Common methods for drug surveillance are national spontaneous reporting systems (pharmacovigilance databases) to detect rare but severe ADRs and retrospective case–control studies or prospective cohort studies to detect more common ADRs.7 On the basis of published epidemiologic evidence, the estimated excess mortality (most frequently caused by upper gastrointestinal complications) associated with the short-term use of nonopioids was 592 per 100 million for diclofenac, 20 per 100 million for acetaminophen and 25 per 100 million for metamizole.8 A rare, but severe, serious ADR associated with metamizole is agranulocytosis. Recent studies have shown that, over the last few years, the number of cases reported annually increased proportionally with metamizole sales figures and the calculated incidence was 0.16 to 1.63 cases per million person-days of use.9–119–119–11 In World Health Organisation (WHO) and Swiss spontaneous safety reports, the lowest numbers were reported for the age group 0 to 9 years, but no data regarding age-specific use of metamizole are available. Therefore, it cannot be concluded that agranulocytosis occurs less frequently in children.9 In case reports, agranulocytosis was described in three children aged 4, 9 and 17 years after multiple metamizole doses for treatment of fever. All of the patients recovered after administration of steroids and haematopoietic growth factor.12–1412–1412–14 Reports of children with agranulocytosis after single-dose metamizole for postoperative analgesia are lacking. In a Cochrane meta-analysis reviewing the use of metamizole for acute postoperative pain in adults, no serious events or adverse event withdrawals were reported.15 In this study, we found no clinical courses suggestive of agranulocytosis, but several limitations of this prospective cohort study are apparent: the sample size was too small to detect agranulocytosis; follow-up was too short; and blood cell counts were not routinely performed.

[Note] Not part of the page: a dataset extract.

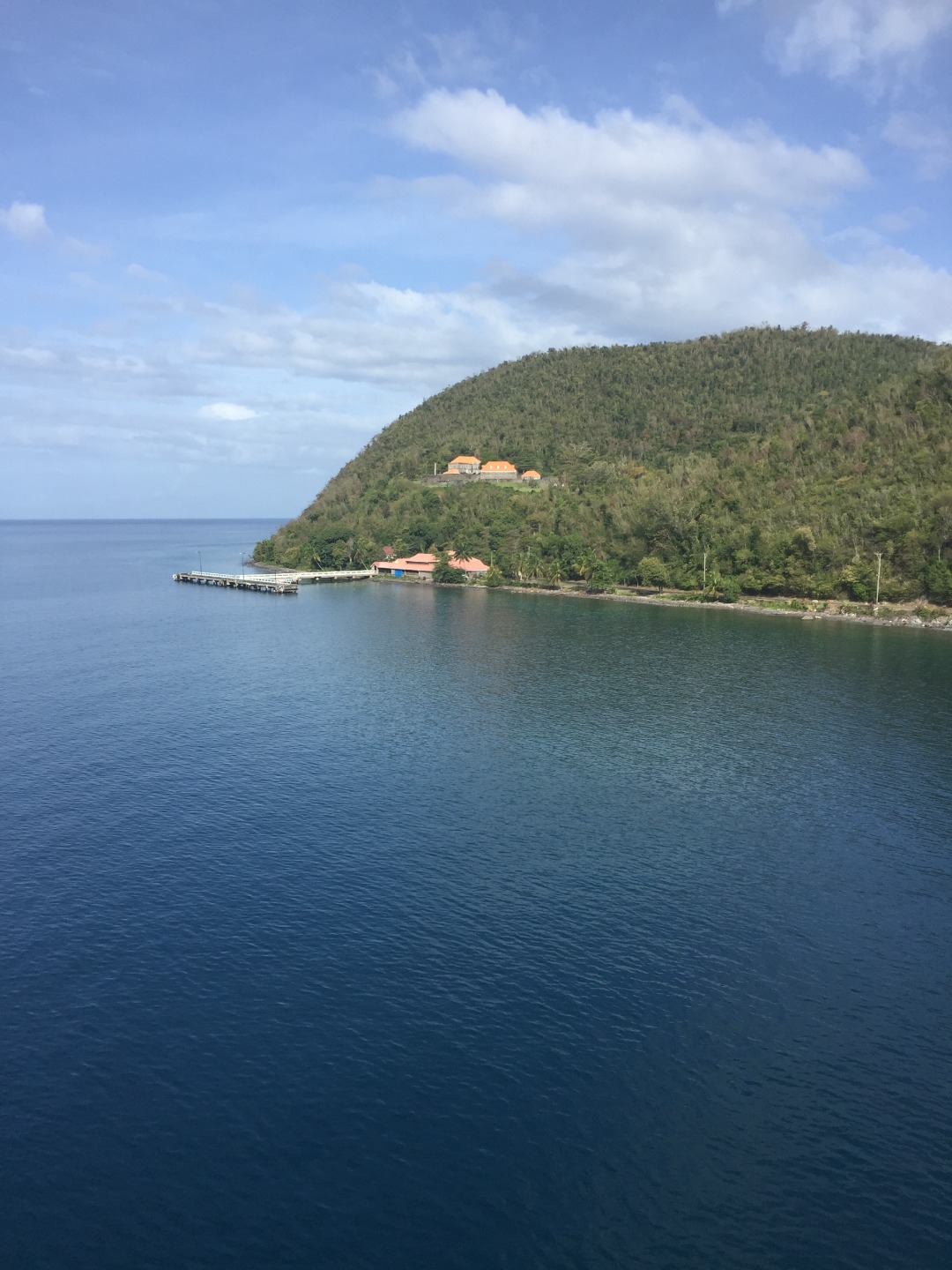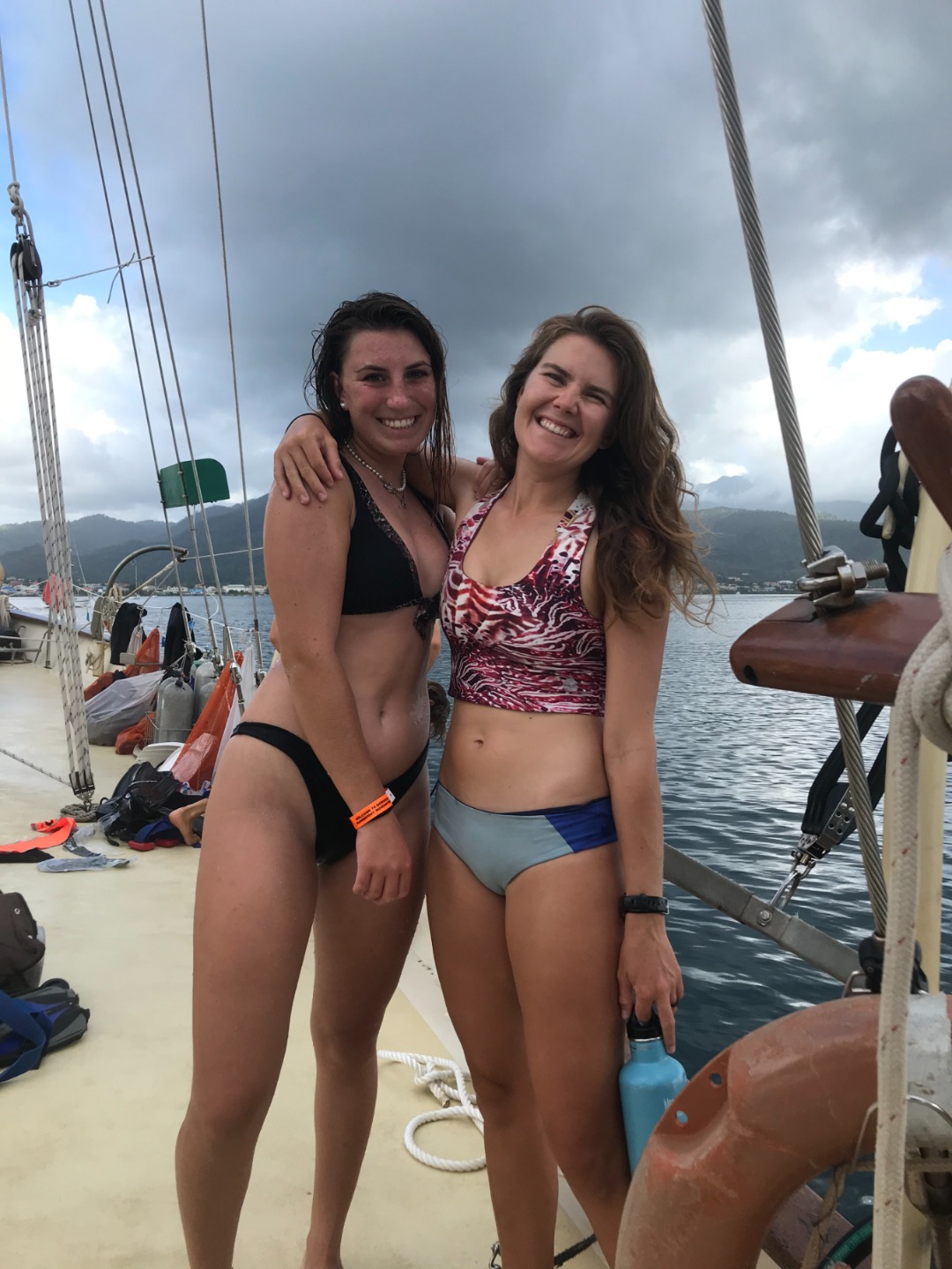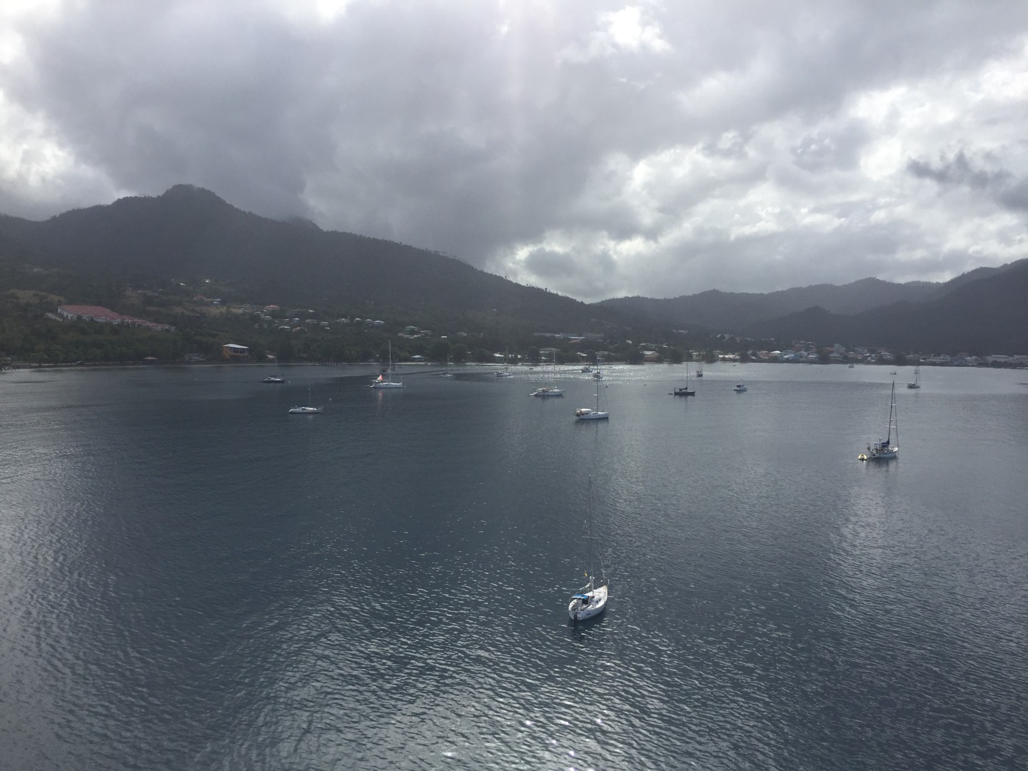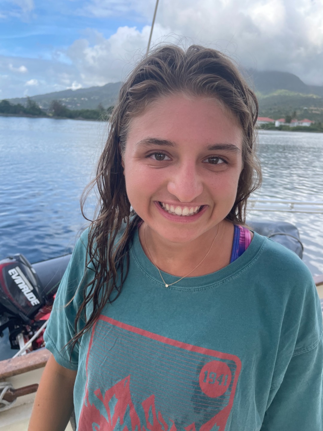 As the bay we are anchored in for our quarantine here in Dominica can be as flat and smooth as glass, Addisen and I got up early (6 am) to do some freediving practice. Some of the others want to join but sleep won them over. Johnny, who was on anchor watch, also acted as our surface support and watched from the boat. Addisen hopped in, and before I could hit the water, she was off on her first descent to the bottom; she may have an addiction. We got some great dives down to the ocean floor below, where our anchors lay at 12 meters (40 feet), and Addisen has now realized she has the ability to hold her breath for 1 minute and 22 seconds! Super impressive! We were even treated with a squad of squid who was out for an early morning hunt, flashing their colors.

Other more common ADRs of metamizole are haemodynamic, anaphylactic or respiratory reactions. Surprisingly, HR and MAP remained stable during metamizole infusion in this study and the numbers of patients with MAP increases and decreases were comparable. Linear regression analysis showed no significant correlation between metamizole dose or infusion rate and change in MAP. The haemodynamic changes found, therefore, are probably not caused by the metamizole infusion alone but also by other factors associated with the patient's condition, anaesthesia or surgery. A hospital drug monitoring study from Switzerland included a large cohort of adult patients having a metamizole infusion and found that only 0.34% had a significant fall in SBP.16 Other studies with critically ill adult patients showed a more frequent reduction of arterial blood pressure after treatment of fever using metamizole, paracetamol or dexketoprofen, but it was unclear whether this was a drug reaction or a consequence of the decrease in body temperature.17,1817,18 Even though the current study showed that the haemodynamics of children undergoing elective surgery were remarkably stable during intravenous metamizole administration, a cautious approach should be used. This should include a careful correction of possible fluid deficits before metamizole infusion, the use of slow infusion rates and close blood pressure monitoring as per the recommendations in the product's summary of product characteristics (SPC). Skin reactions were reported in 0.3% of the cases, but intradermal allergy tests were not performed and, therefore, the causality was not proven.19 Respiratory reactions with a close temporal relation to the metamizole administration were not reported, but a study with adult patients showed that bronchospasm after metamizole is more frequent in patients with metamizole intolerance and bronchial asthma.20 Studies with children are lacking and in the small number of children with asthma included in this study, there were no reports of skin reactions or bronchospasm. Nevertheless, it is recommended in the SPC to avoid metamizole in patients with bronchial asthma.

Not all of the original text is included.